Collected data entries:

Start of Block

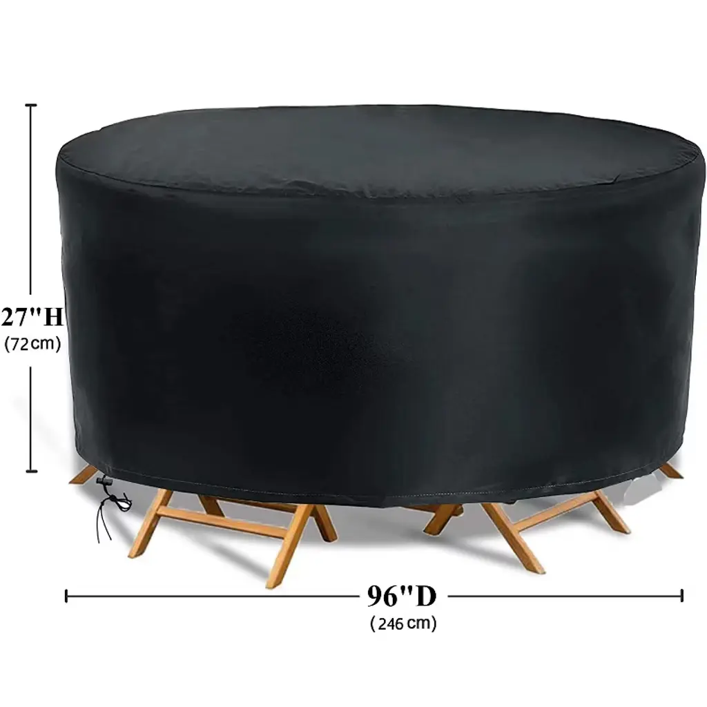Protect your outdoor round table with the Akefit heavy-duty cover, made of 400D Oxford fabric with PU coating. Designed to withstand rain, sun, and snow, it features dual mesh vents for airflow and four buckle straps for wind resistance. A drawstring hem provides a custom fit, while sturdy handles make it easy to remove. Clear mesh windows add visibility and ventilation. Each cover comes with a zippered storage bag and folds compactly for seasonal storage. Compatible with round tables in multiple sizes, this cover keeps your furniture looking new year-round.
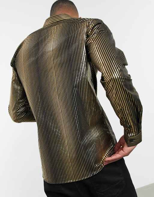 Twisted Tailor Camicia nera e oro a righe metallizzate
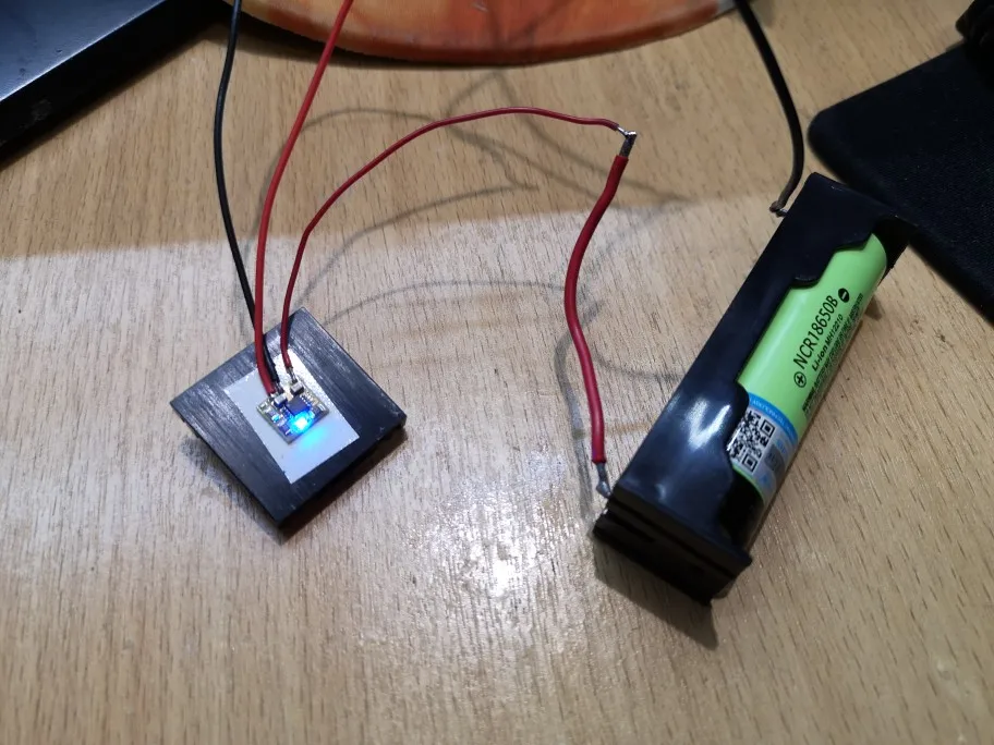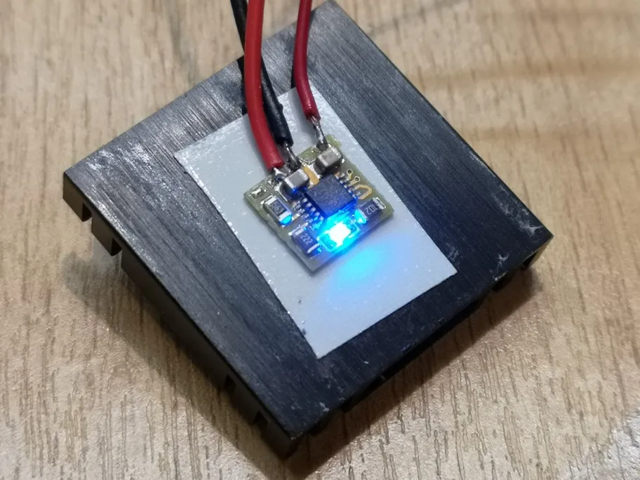 Заменил резистор на 1кОм, как в даташите, потому что мне не нужен большой ток. Приклеил на терморезину к плате, чтобы тепло лучше рассеивалось. Нет окончания заряда, подходит только для защищённых аккумуляторов. В таком виде, как продается, греется очень сильно.
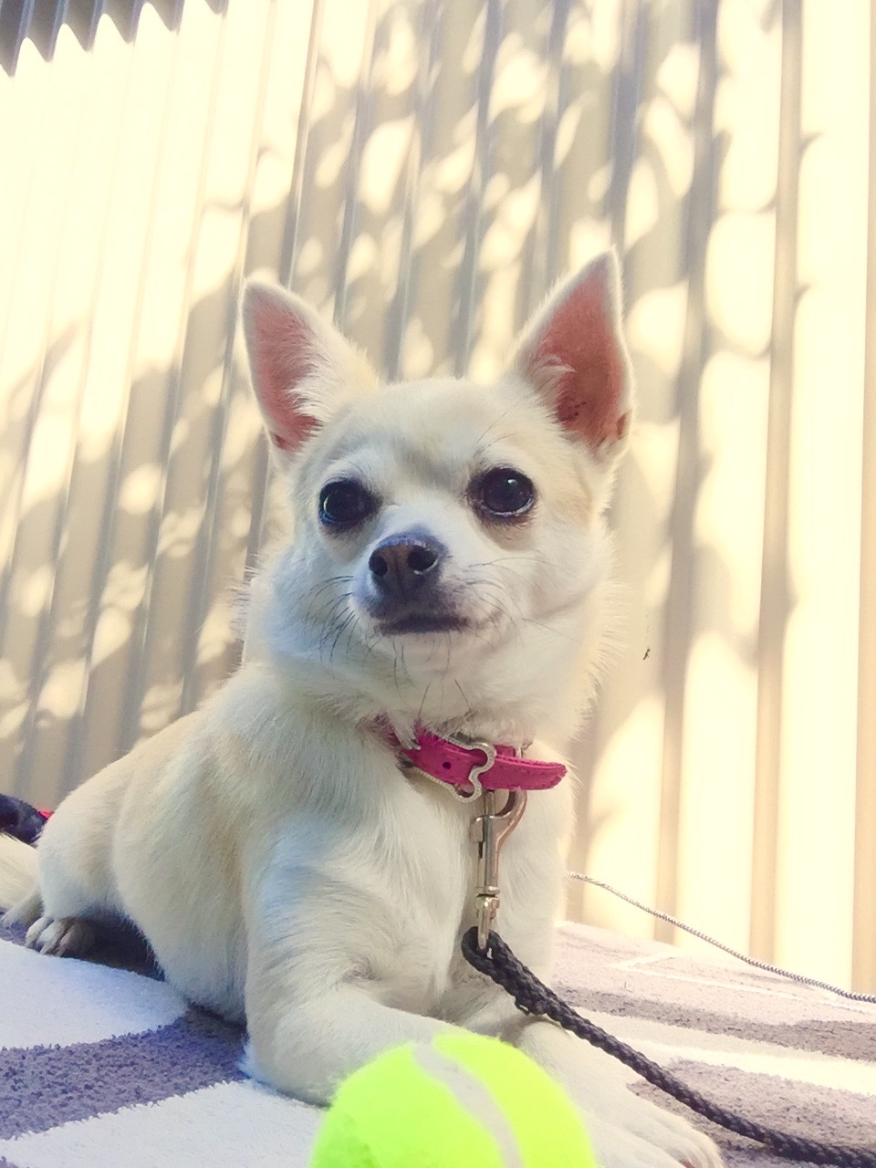 Cassie can be a bit chatty - as many chihuahuas can be. A previous owner has debarked her however the procedure did not soften her bark, rather it distorted it. We are working with her to teach her "quiet" and she's making great progress.
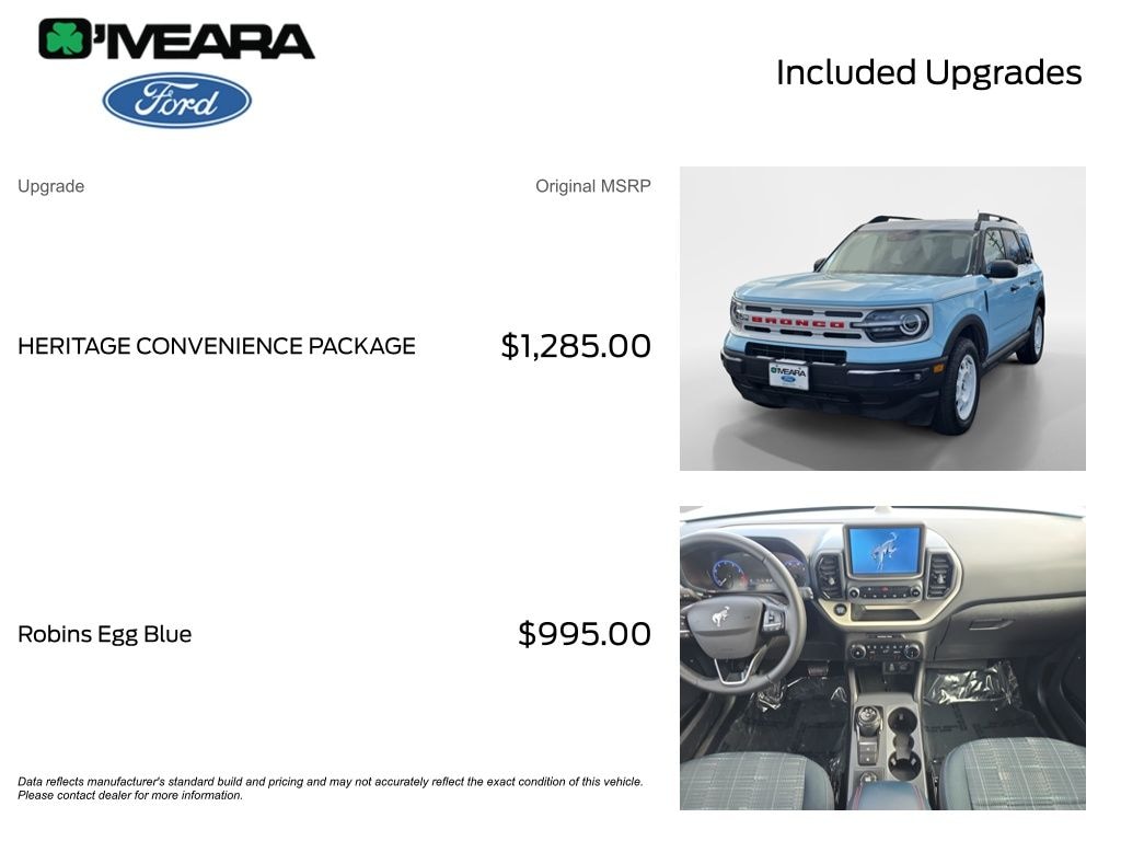 The Bronco Sport Heritage's rugged good looks are complemented by a host of advanced safety features, including Electronic Stability Control, Rear Parking Sensors, and a suite of airbags to give you and your loved ones peace of mind on the road. And with the available Cargo Management System, you'll have the flexibility to transport all your gear, whether it's for a weekend getaway or a day of outdoor adventure.

End of Block

Output the full set of records above without changing a word, and drop the images.

_Final answer_
Protect your outdoor round table with the Akefit heavy-duty cover, made of 400D Oxford fabric with PU coating. Designed to withstand rain, sun, and snow, it features dual mesh vents for airflow and four buckle straps for wind resistance. A drawstring hem provides a custom fit, while sturdy handles make it easy to remove. Clear mesh windows add visibility and ventilation. Each cover comes with a zippered storage bag and folds compactly for seasonal storage. Compatible with round tables in multiple sizes, this cover keeps your furniture looking new year-round.
 Twisted Tailor Camicia nera e oro a righe metallizzate
 Заменил резистор на 1кОм, как в даташите, потому что мне не нужен большой ток. Приклеил на терморезину к плате, чтобы тепло лучше рассеивалось. Нет окончания заряда, подходит только для защищённых аккумуляторов. В таком виде, как продается, греется очень сильно.
 Cassie can be a bit chatty - as many chihuahuas can be. A previous owner has debarked her however the procedure did not soften her bark, rather it distorted it. We are working with her to teach her "quiet" and she's making great progress.
 The Bronco Sport Heritage's rugged good looks are complemented by a host of advanced safety features, including Electronic Stability Control, Rear Parking Sensors, and a suite of airbags to give you and your loved ones peace of mind on the road. And with the available Cargo Management System, you'll have the flexibility to transport all your gear, whether it's for a weekend getaway or a day of outdoor adventure.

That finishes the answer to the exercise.